Exhibition

Wolfgang Tillmans

Date
Vernissage 24.11.2015 18:00
Curator Michal Škoda
Admission free

4PM Tuesday, 24 Nov. – ARTIST’S LECTURE

at DK Metropol – Small Stage – Senovážné náměstí 248/2, 37001 České Budějovice.

Wolfgang Tillmans Harvard Astrophysics Institute / European Southern Observatory, 2012

Wolfgang Tillmans
Harvard Astrophysics Institute / European Southern Observatory, 2012

             

CURATOR: MICHAL ŠKODA

The Gallery of Contemporary Art and Architecture at the České Budějovice House of Art closes the year with the first-ever Czech exhibition by artist Wolfgang Tillmans.

Tillmans, a German artist who has long lived in London, is considered one of the most influential and respected photographers of his generation. He first came to public attention in the early 1990s, when he began to present his works not only through museums and galleries but also through more ephemeral ways such as newspapers, magazines, postcards and posters, which allowed him to reach an audience outside the art world. Indeed his first photographs, the now-legendary series Lutz and Alex, were published in i-D magazine in 1992 shortly before he presented them at the Unfair art fair in Cologne.

In his gallery exhibitions, his interest has been focused on pictures as objects within space, working with his now typical form of presentation in which he prints his photographs at various sizes using various techniques. He works with composition in such a way as to create multi-part units that he installs across the surface of the walls, all the while taking into account the specific qualities of the exhibition space and the context of the particular exhibition.

Tillmans’ work for magazines and newspapers, which he does not separate from his art but considers to be an equally valid platform of representation, explores the photograph as a bearer of content and easily transported medium. He consciously works with visuality and its hierarchization, and does not differentiate between showy and hypothetically insignificant motifs. From his point of view, he shows that things of the most diverse origins can contain different possible meanings. We thus find ourselves in a situation where spontaneous (e.g., snapshot) photography has the same value as a carefully considered work of art. The seemingly fragmented nature of images depicting visual reality offers us a general reference point in terms of both form and content.

Wolfgang Tillmans, who in the year 2000 became the first non-British artist to win the prestigious Turner Prize, is capable of using practically any material for his photographs. His interest ranges from everyday objects to the poetics of life and burning socio-political issues. In order to increase his images’ impact, he prints them in a wide range of sizes from monumental formats all the way down to the dimensions of a postage stamp.

The photographs themselves are often perfectly processed but not rarely betray signs of imperfections that may have occurred during the creative moment. The presence of such imperfections can be understood to be mean that the only things that matter are the photographer’s eye and his mind. Tillmans’ exhibitions usually feel like a set of sensations (fragments of consciousness) tracing the journey through life.

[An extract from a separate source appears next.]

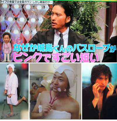 ナゼ、智也は「城島くん」って言ったんでしょうね!?LIVEをしたのが随分昔だから、楽屋の思い出が、それくらい昔に飛んだのかしら…。実物を観る前に、ドル誌で観たんだったなぁ、ピンクのバスローブ・リーダー。WECで何度か実物を観たけど、智也と太一のは観れてないんだよね~。智也の黒いバスローブ姿は、gliderツアー記事で観ただけ。WECでは、智也も太一も、私服や、着替える前に出て来たような。あちこちで目にしましたけど、やっぱり、気になるよね~、「Best of TOKIO」と刺繍されている、カシミアのような手触りで、アカデミー賞受賞者に贈呈されるギフトにも選ばれてるという、ポリエステル100%のバスローブが、智也の手に渡ったのかどうか。

In the diversity of Wolfgang Tillmans’ work – abstraction, the use of various technological methods, and works of an emotive nature – we find one commonality, and that is a romantic view of the world. In a text written for Tillmans’ exhibition at London’s Serpentine Gallery, H. U. Obrist writes that Tillmans “was originally raised as a Lutheran in the small town of Remscheid, not far from Cologne, and although his work could hardly be described as religious, it feels strongly and constantly touched by displaced forms of piety, morbidity and spiritual yearning.”

Another evident characteristic of Tillmans’ work is his interest in the images’ source materials, in diverse meanings, and in the complicated nature of the real world besides poetry and intimacy. He engages in analytical processes that explore the possibilities of photography and life itself. His work gives us insight into the mind of an artist who emphasizes the socio-political dimension of his humanist way of seeing.

In his exhibition at the Gallery of Contemporary Art and Architecture at the České Budějovice House of Art, Wolfgang Tillmans will present his photographic and design work for magazines and newspapers alongside his “typical” framed / unframed c-type and inkjet prints in various sizes.

The exhibition is held with support from the Czech Ministry of Culture and IFA Stuttgart, and in collaboration with Buchholz Gallery – Berlin/Cologne.